PLease help
how many grams of potassium chlorate decomposes to potassium chloride and 638 mL of O2 at 128°C and 752 torr?
the formula given:
2KClO3(s) 2KCl(s) + 3O2(g)
Here is a solved example of the problem you have. Only the numbers are different. You will need to find moles O2 by using PV = nRT
oops.
http://www.jiskha.com/science/chemistry/stoichiometry.html
To determine the number of grams of potassium chlorate that decomposes to form potassium chloride and 638 mL of oxygen gas (O2), you need to use stoichiometry.
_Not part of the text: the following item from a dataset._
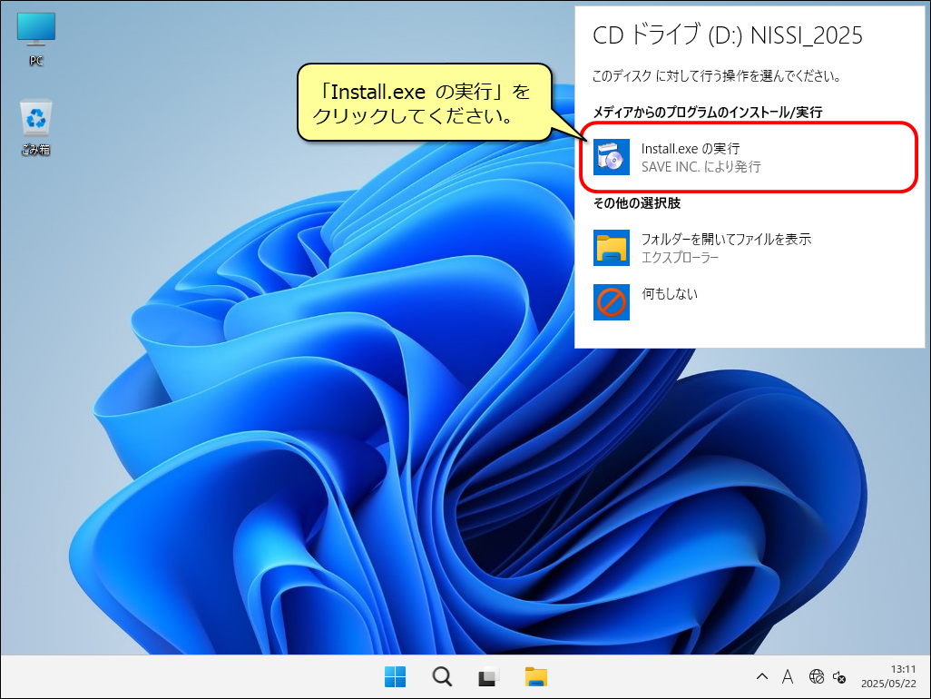 (1) CDをセットした後、画面右側に以下のようなメッセージが表示されますのでクリックします。

Stoichiometry is a branch of chemistry that deals with the quantitative relationships between reactants and products in a chemical reaction.
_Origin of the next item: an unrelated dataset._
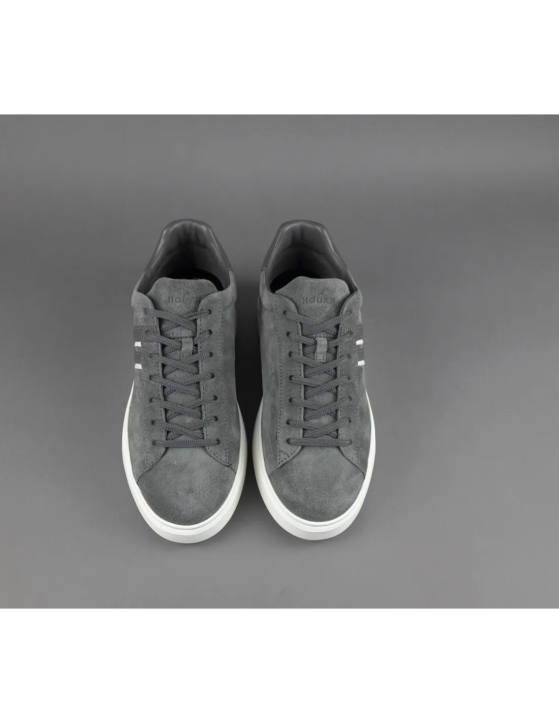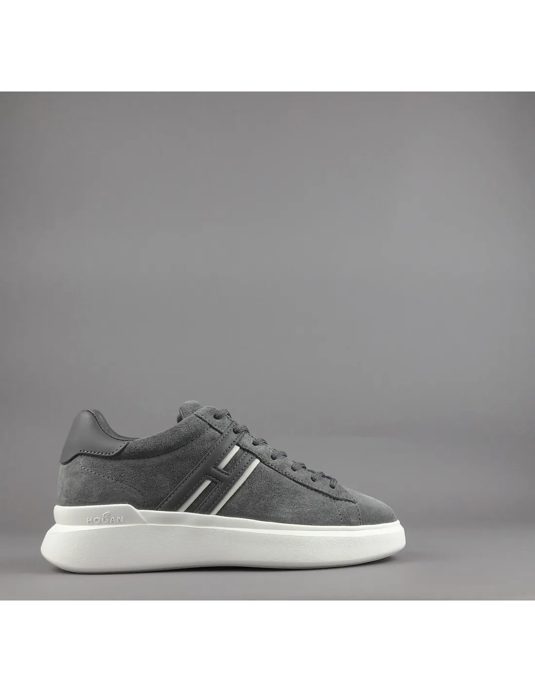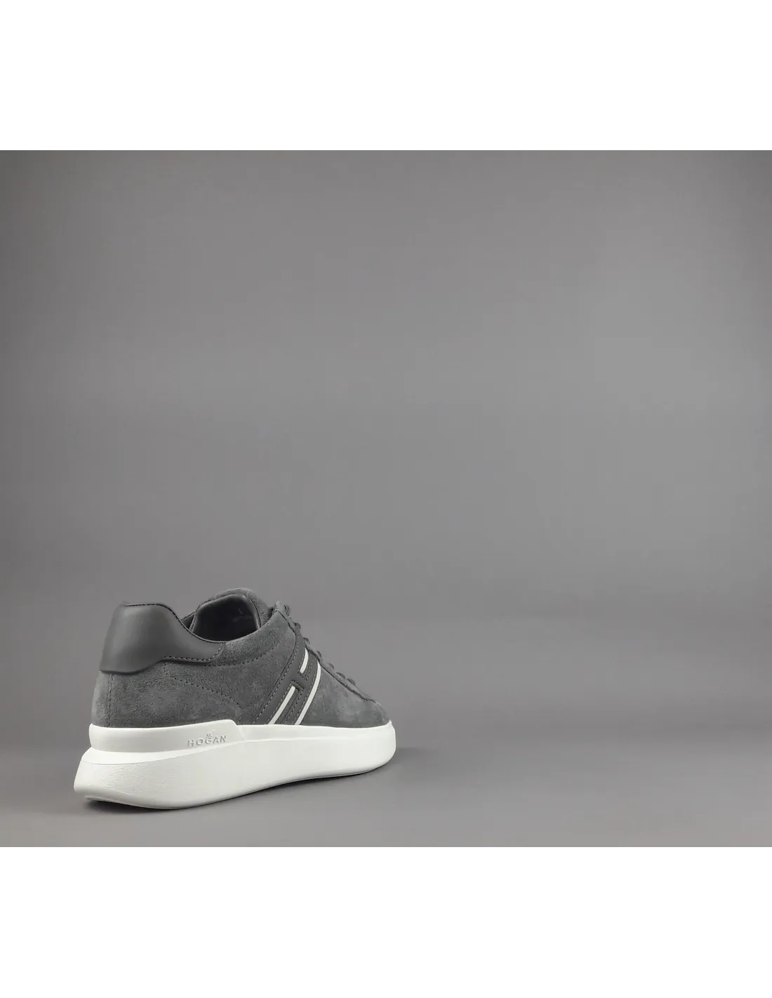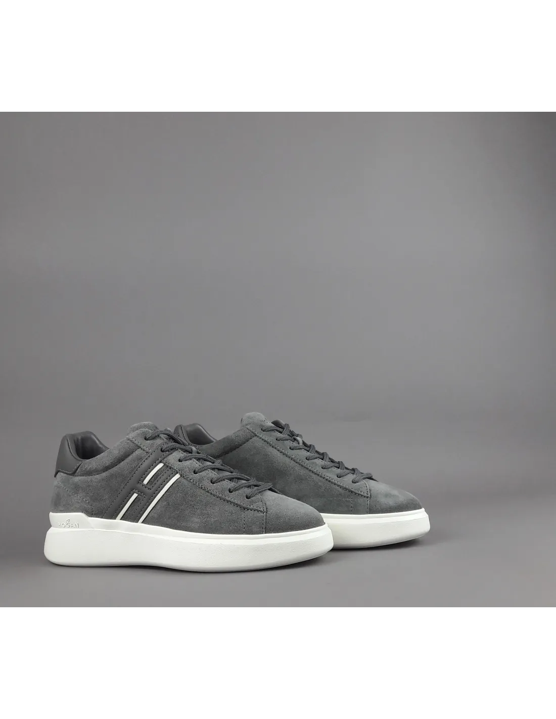 Collezione invernale, sneakers hogan H580 uomo, in camoscio, h cucita in pelle grigia con profilo bianco, spoiler in pelle in tinta, fussbett in memory foam, fondo gomma.

The given balanced chemical equation is:
2KClO3(s) → 2KCl(s) + 3O2(g)
First, convert the given volume of oxygen gas from milliliters (mL) to liters (L) since stoichiometry calculations require measurements in consistent units. We know that 1 L is equal to 1000 mL, so:
638 mL ÷ 1000 mL/L = 0.638 L
Next, calculate the number of moles of oxygen gas using the ideal gas law equation: PV = nRT, where P is the pressure in atmospheres (atm), V is the volume in liters, n is the number of moles, R is the ideal gas constant (0.0821 L·atm/mol·K), and T is the temperature in Kelvin (K).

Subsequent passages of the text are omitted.